**DATASET ENTRIES**
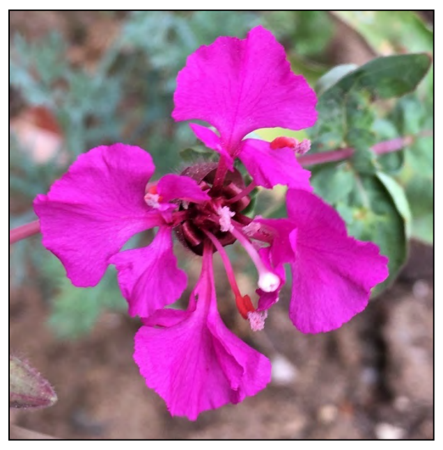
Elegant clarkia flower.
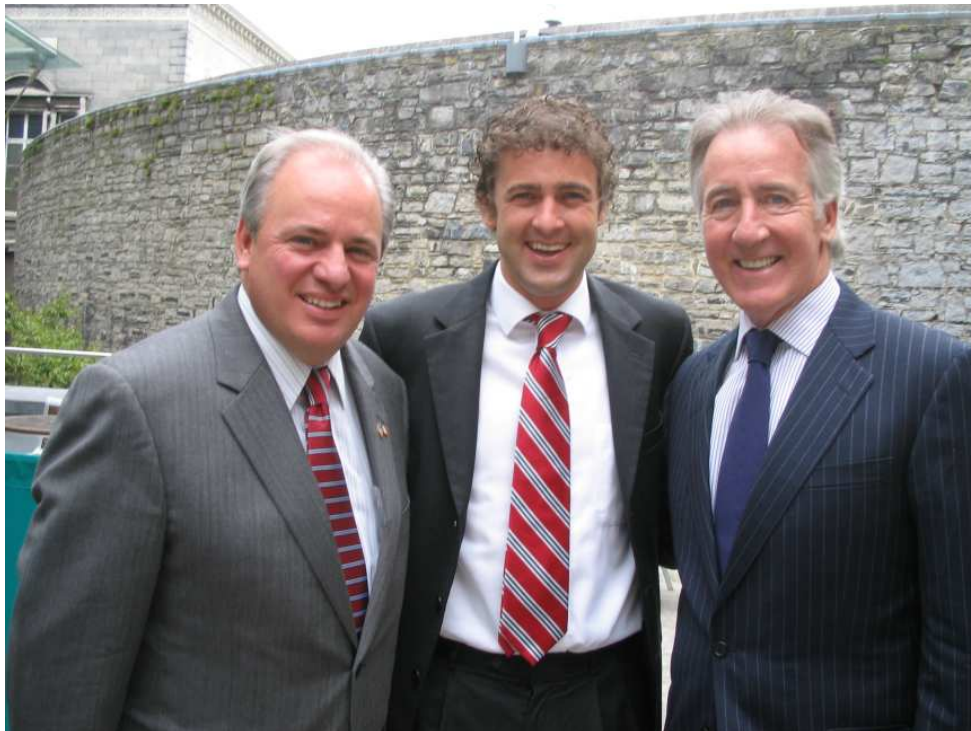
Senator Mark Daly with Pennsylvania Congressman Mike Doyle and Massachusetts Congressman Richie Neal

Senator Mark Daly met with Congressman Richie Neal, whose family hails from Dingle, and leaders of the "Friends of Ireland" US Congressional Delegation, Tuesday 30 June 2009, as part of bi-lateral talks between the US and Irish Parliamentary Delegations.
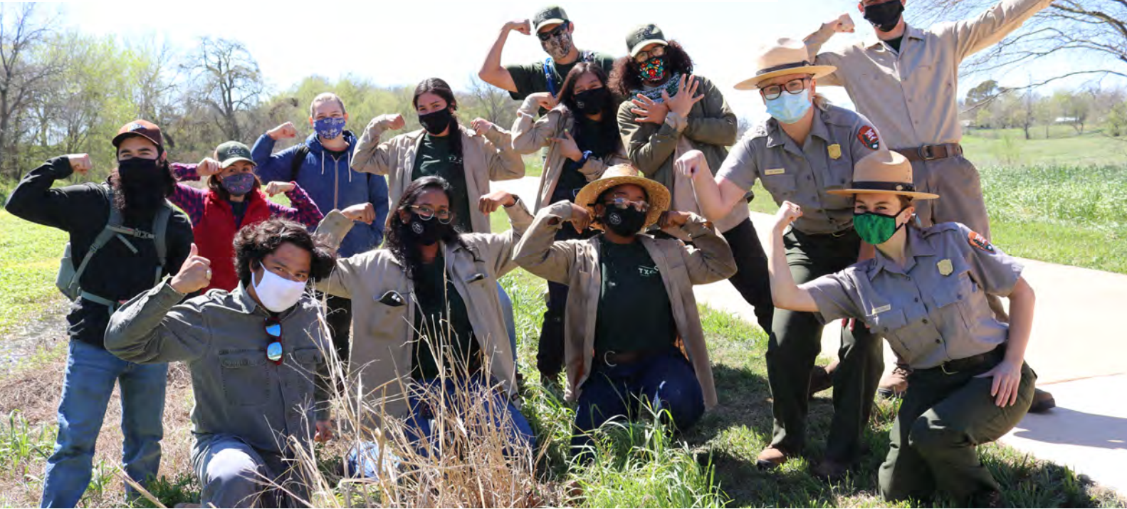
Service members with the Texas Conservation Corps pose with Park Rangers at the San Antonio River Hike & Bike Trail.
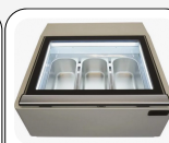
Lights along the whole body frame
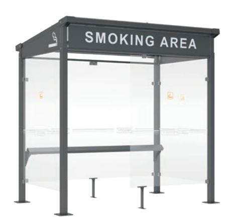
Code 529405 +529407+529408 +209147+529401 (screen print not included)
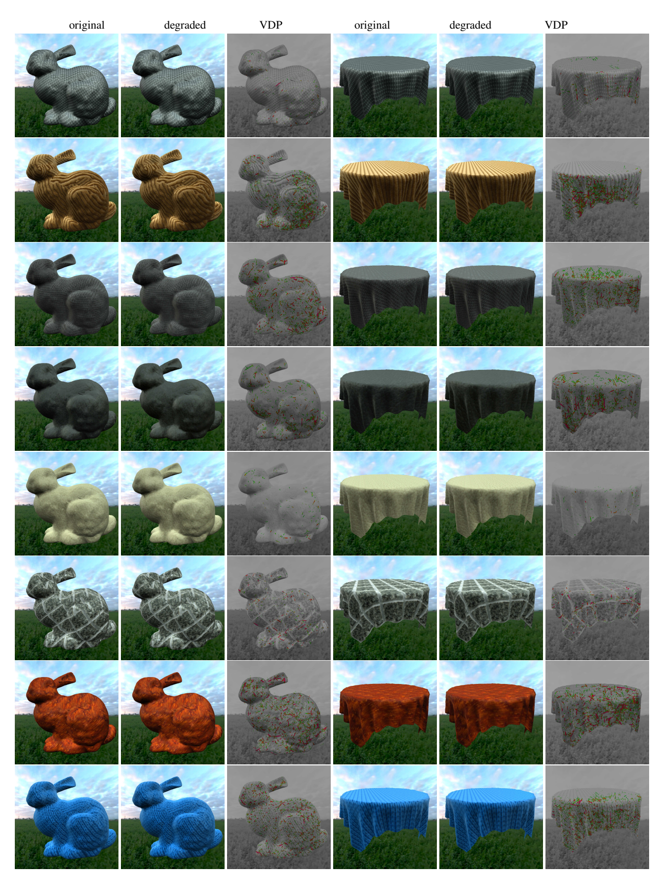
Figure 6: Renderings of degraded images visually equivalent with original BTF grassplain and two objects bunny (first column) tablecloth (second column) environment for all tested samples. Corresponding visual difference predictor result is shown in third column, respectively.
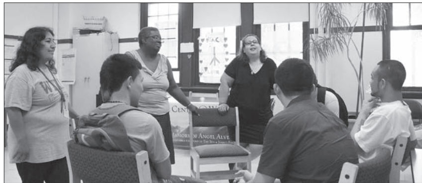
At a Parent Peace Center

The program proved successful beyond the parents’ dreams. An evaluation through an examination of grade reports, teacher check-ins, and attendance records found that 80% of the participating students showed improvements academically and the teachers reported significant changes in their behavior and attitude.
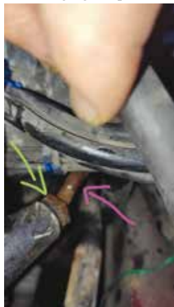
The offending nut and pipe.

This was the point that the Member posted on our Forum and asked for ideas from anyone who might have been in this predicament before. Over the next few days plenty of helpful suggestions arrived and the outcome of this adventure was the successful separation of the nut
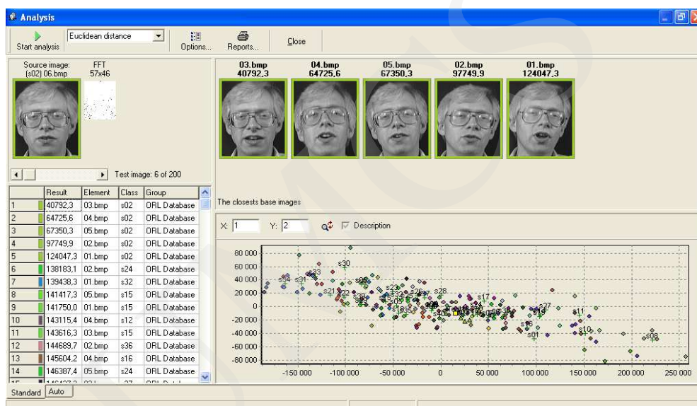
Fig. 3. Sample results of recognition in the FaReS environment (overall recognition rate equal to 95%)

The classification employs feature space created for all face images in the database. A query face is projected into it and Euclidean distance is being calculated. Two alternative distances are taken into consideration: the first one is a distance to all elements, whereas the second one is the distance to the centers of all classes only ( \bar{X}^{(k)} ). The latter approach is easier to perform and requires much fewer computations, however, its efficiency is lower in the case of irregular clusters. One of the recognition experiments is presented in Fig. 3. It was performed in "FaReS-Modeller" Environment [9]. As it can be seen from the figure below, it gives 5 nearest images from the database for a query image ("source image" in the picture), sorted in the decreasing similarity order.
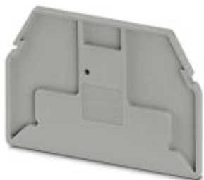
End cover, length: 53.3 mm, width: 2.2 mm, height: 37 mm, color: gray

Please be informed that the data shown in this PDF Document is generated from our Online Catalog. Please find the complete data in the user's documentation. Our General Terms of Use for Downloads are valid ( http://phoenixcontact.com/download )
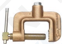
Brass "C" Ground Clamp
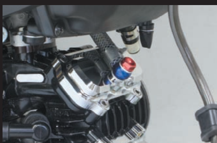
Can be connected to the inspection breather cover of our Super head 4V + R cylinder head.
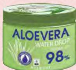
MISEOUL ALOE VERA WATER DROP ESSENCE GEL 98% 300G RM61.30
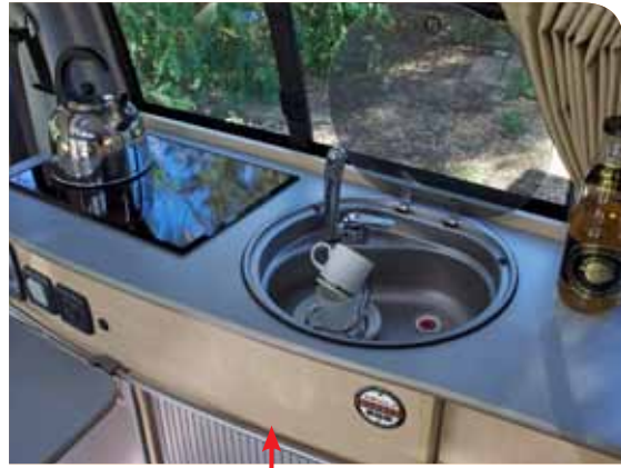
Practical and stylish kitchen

**TASK**
Out of the records above, pull each line containing the word "this".

**ANSWER SPACE**
This was the point that the Member posted on our Forum and asked for ideas from anyone who might have been in this predicament before. Over the next few days plenty of helpful suggestions arrived and the outcome of this adventure was the successful separation of the nut
Please be informed that the data shown in this PDF Document is generated from our Online Catalog. Please find the complete data in the user's documentation. Our General Terms of Use for Downloads are valid ( http://phoenixcontact.com/download )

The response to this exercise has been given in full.